Table 1 Name and origin of the 10 semi-prostrate cowpea bean genotypes evaluated in Colombian wet and dry Caribbean environments.

Genotype	Genotype	Origin
LC-029-016	Line	Colombia
LC-002-016	Line	Colombia
LC-036-016	Line	Colombia
LC-009-016	Line	Colombia
LC-021-016	Line	Colombia
LC-019	Line	Colombia
LC-006-016	Line	Colombia
LC-005-016	Line	Colombia
LC-014-016	Line	Colombia
Caupicor 50	Commercial genotype	Colombia

Seven agronomic characteristics, days to flowering (DF), height of first pod (HFP), number of pods per plant (NPP), number of seeds per pod (NSP), 100 seeds weight (100SW), width of grain (GW) and grain yield (GY), were measured.

The design used randomized complete blocks with 10 treatments and four repetitions. The experiment plots were 3.2 m wide by 5 m long, for an area of 16 m². The grain yield data and the rest of the traits were subjected to a combined analysis of variance, covariance and means tests. For the estimation of phenotypic and genetic correlations and the path analysis for GY, the free access computer program GENES Windows version GENES V.2016.6.0 (^{Cruz, 2016}) was used.

Based on the estimated phenotypic and genetic correlations between the seven variables, two path analyses were performed for the system: GY as an effect variable (Y) based on the cause variables: DF (X1), HFP (X2), NPP (X3), NSP (X4), 100SW (X5) and GW (X6). The two path analyses were originated from the phenotypic and genotypic correlations between the variables.

RESULTS AND DISCUSSION

Variance analysis

The combined analysis of variance showed the significant influence of the environment on the 10 genotypes in all response variables. Significant differences between the genotypes were observed in six of the seven variables, excluding NPP (Tab. 2). The interaction of the 10 genotypes with the eight environments was significant in all variables; therefore, the genotypes were influenced by the environmental conditions of each locality. This sensitivity to environmental effects generates changes in the classification or range of genotypes among environments, hides the expression of characteristics of interest, decreases the correlation between phenotypic and genotypic values, reduces the progress of selection and makes selection and subsequent recommendations of genotypes for one or several locations difficult (^{Kumar et al., 2013}; ^{Abate et al., 2015}; ^{Ferrari et al., 2018)}. According to ^{Mendonça et al. (2007)}, the presence of a genotype x environment interaction, justifies environmental stratification in order to take advantage of environmental stimuli that favor genotype expressions.

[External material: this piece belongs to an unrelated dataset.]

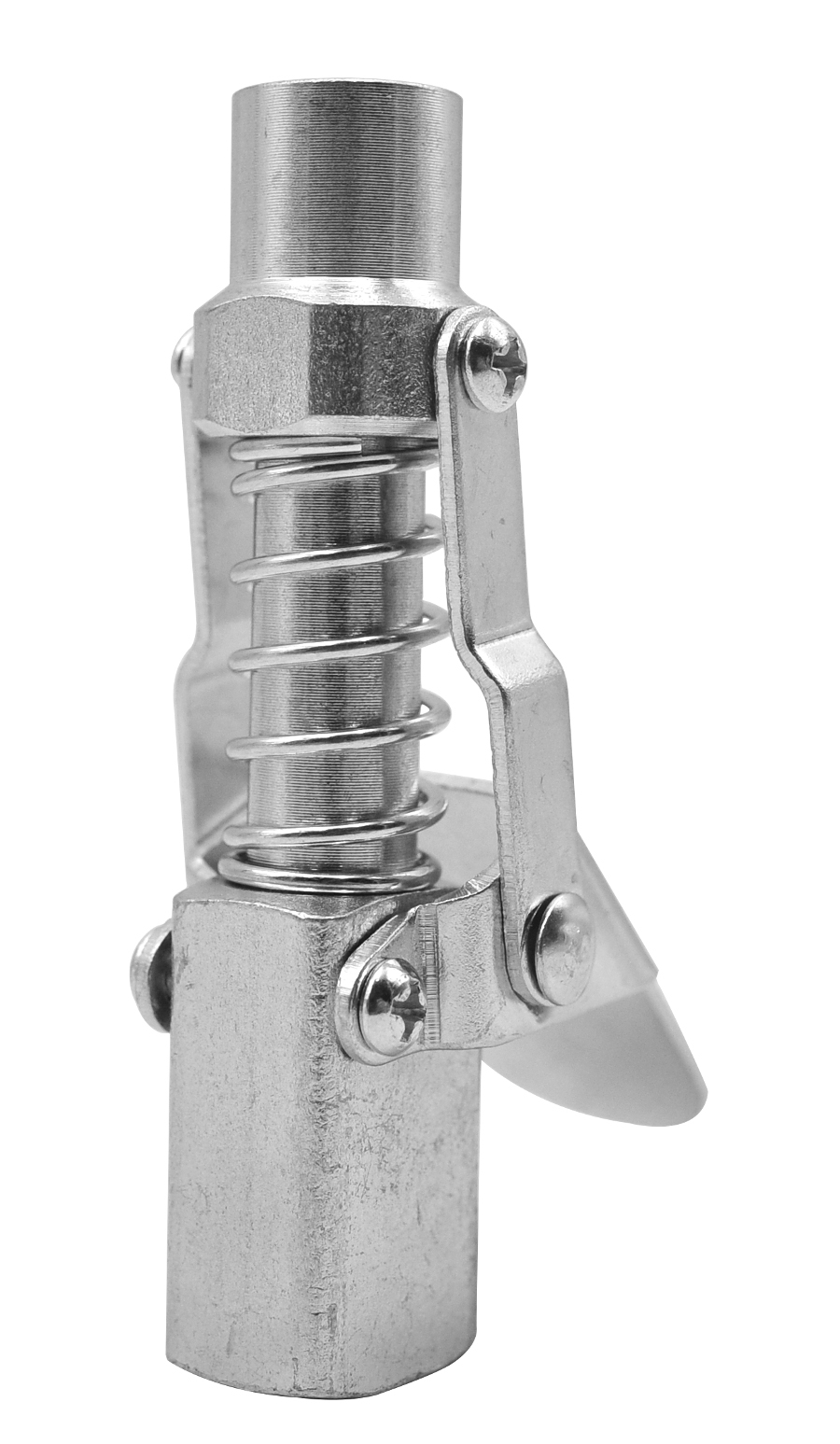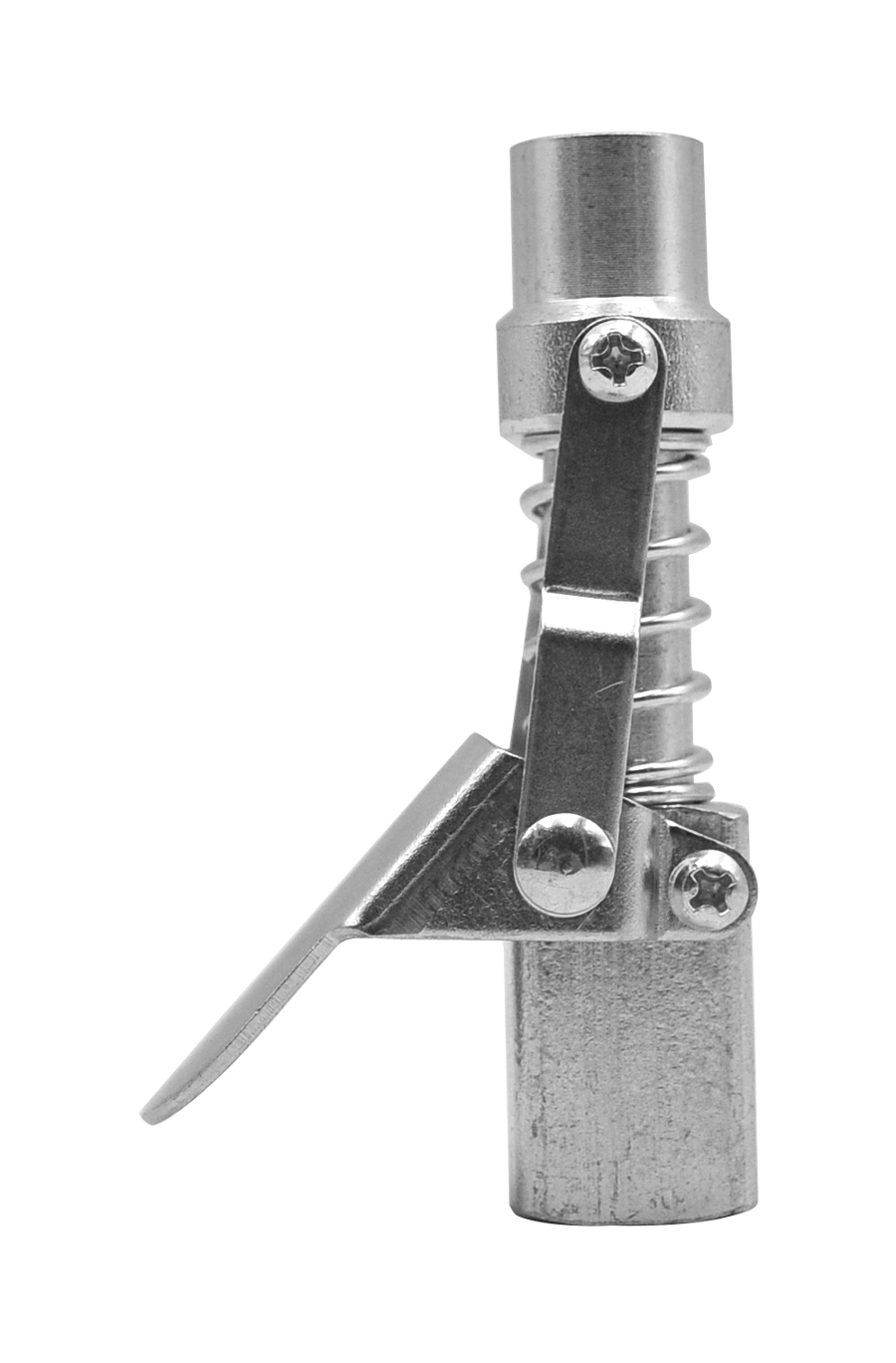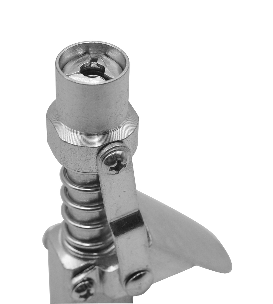 Końcówka smarownicy z dźwignią umożliwia szybkie i proste smarowanie części podczas prac konserwacyjnych. Dzięki niej mamy brak straty smaru nawet przy wysokim ciśnieniu - wystarczy podłączyć, puścić i rozpocząć pracę bez trzymania złącza. Pasuje do wszystkich powszechnie stosowanych smarownic: Pasuje do powszechnie stosowanych typów smarowniczek Posiada 3 hartowane szczęki ze stali narzędziowej Możliwość podłączania nawet do ciśnienia maks. 600 bar. Wysokojakościowa uszczelka zapewnia długi okres użytkowania, Zawór zwrotny gwarantuje pełną szczelność i brak strat smaru. Odłączanie za pomocą dźwigni, zapewnia brak problemów z zaciśniętym złączem nawet przy wysokim ciśnieniu. Brak potrzeby trzymania złącza podczas smarowania.

The experiment precision of the study according to the registered coefficients of variation was acceptable. The records ranged from low to medium according to ^{Oliveira et al. (2009)}, providing reliable and valid conclusions.

Table 2 Mean squares and level of significance of the analysis of combined variance for agronomic characteristics of 10 cowpea bean semi-prostrate genotypes evaluated in the Colombian Caribbean.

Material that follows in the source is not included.